══ DATA FOR THIS TASK ══

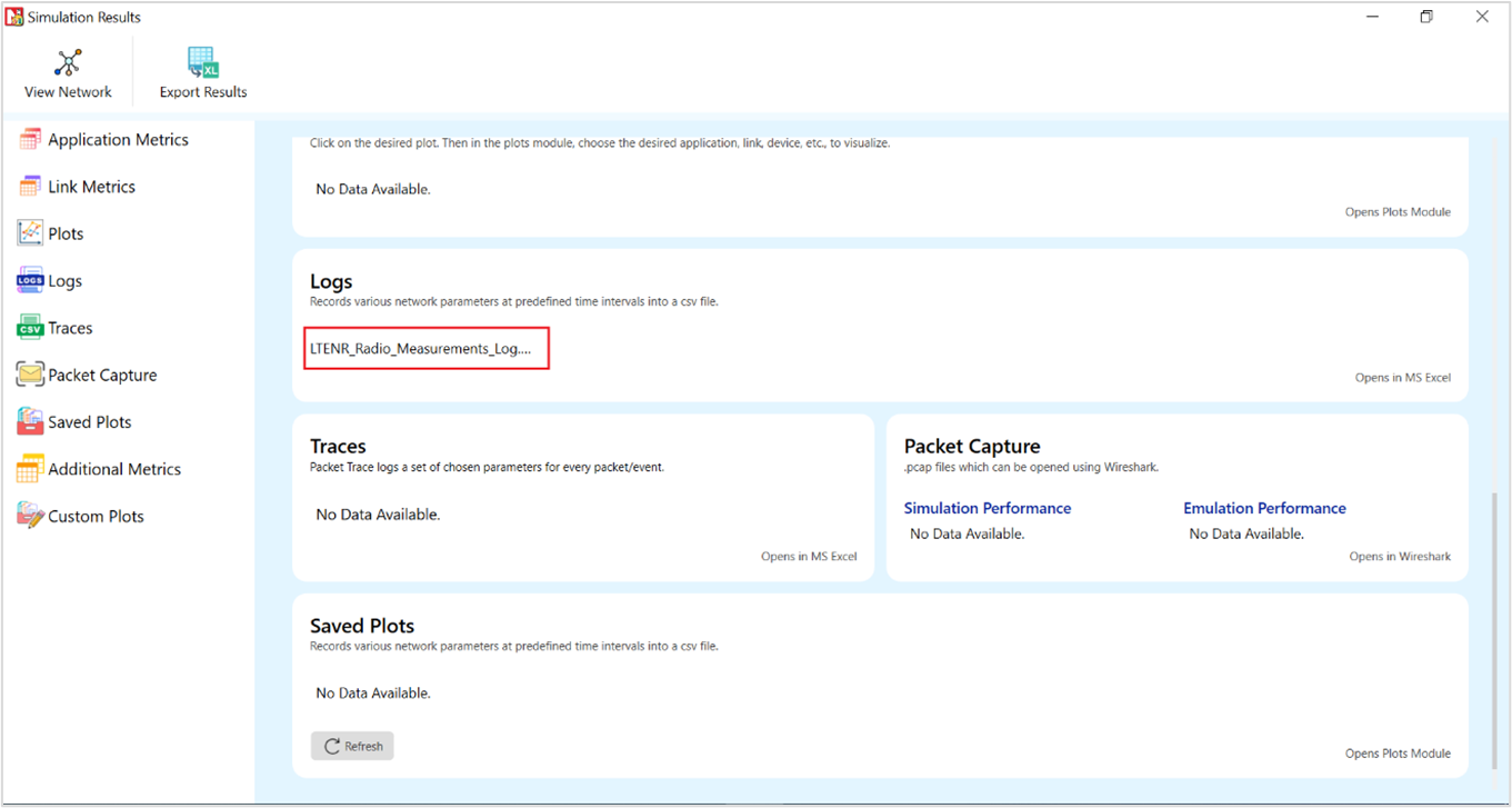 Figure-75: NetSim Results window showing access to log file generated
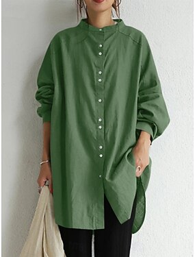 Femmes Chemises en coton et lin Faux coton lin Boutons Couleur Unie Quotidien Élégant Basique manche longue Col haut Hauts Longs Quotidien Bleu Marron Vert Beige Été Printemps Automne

═══
══ DATA FOR THIS TASK ══

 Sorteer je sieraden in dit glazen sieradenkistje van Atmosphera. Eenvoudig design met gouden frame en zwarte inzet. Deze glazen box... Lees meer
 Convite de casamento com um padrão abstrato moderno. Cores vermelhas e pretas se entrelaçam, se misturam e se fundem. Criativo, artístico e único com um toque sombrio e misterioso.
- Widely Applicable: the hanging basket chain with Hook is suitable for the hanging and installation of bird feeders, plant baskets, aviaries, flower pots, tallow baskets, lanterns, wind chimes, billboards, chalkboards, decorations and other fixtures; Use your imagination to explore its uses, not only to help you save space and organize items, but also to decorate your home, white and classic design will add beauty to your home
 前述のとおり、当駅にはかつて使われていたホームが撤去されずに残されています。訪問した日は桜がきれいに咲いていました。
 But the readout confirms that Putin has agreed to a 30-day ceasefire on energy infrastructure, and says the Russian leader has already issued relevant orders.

═══
══ DATA FOR THIS TASK ══

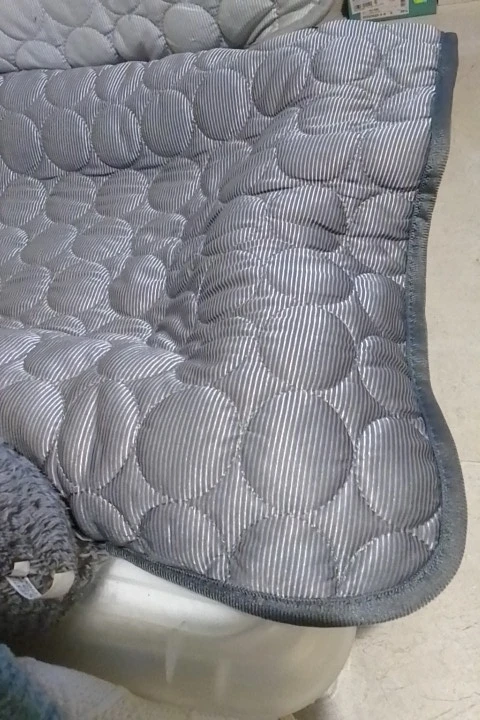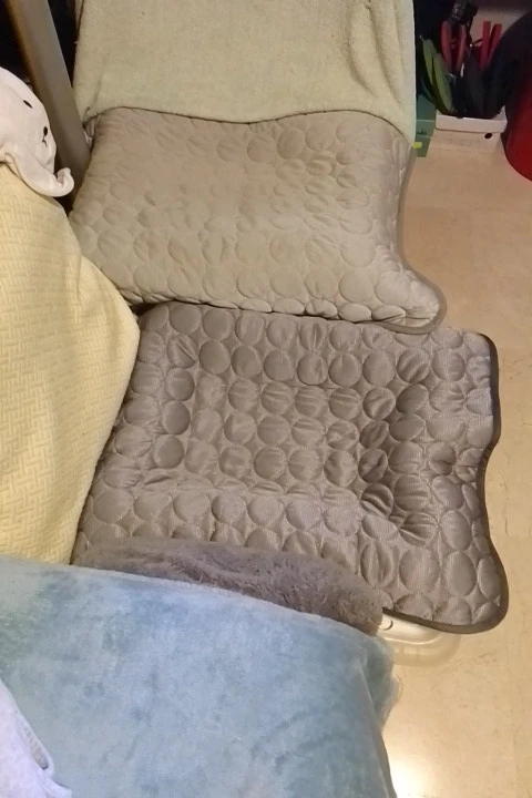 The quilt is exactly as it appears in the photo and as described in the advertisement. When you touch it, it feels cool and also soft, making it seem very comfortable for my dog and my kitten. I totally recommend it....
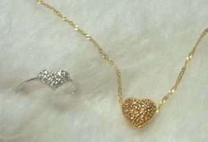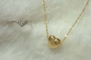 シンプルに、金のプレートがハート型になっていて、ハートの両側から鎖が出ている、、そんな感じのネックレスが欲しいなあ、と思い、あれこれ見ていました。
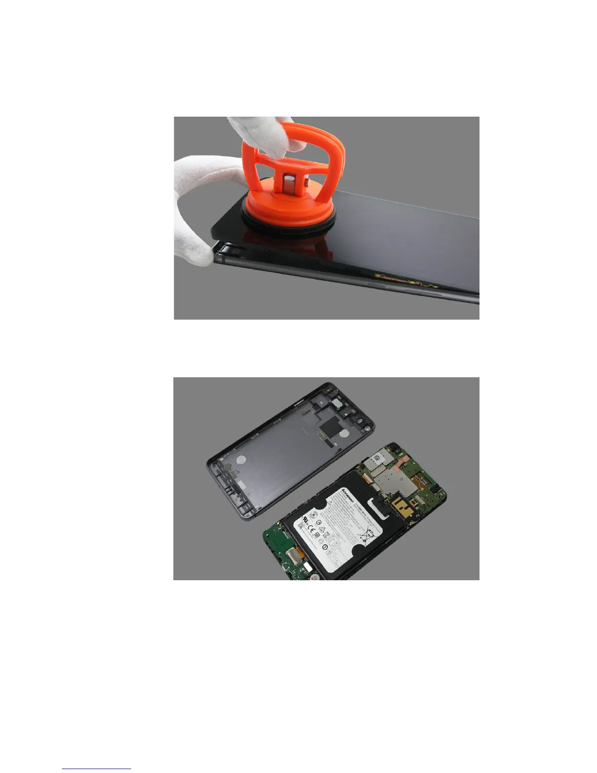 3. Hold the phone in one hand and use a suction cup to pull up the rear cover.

═══

* [WORK REQUIRED]: Starting at the line that has "前述のとおり、当駅にはかつて" in the records above, restate word for word every line until the one that has "But the readout", and include that one as well.

* [TASK ANSWER]:
 前述のとおり、当駅にはかつて使われていたホームが撤去されずに残されています。訪問した日は桜がきれいに咲いていました。
 But the readout confirms that Putin has agreed to a 30-day ceasefire on energy infrastructure, and says the Russian leader has already issued relevant orders.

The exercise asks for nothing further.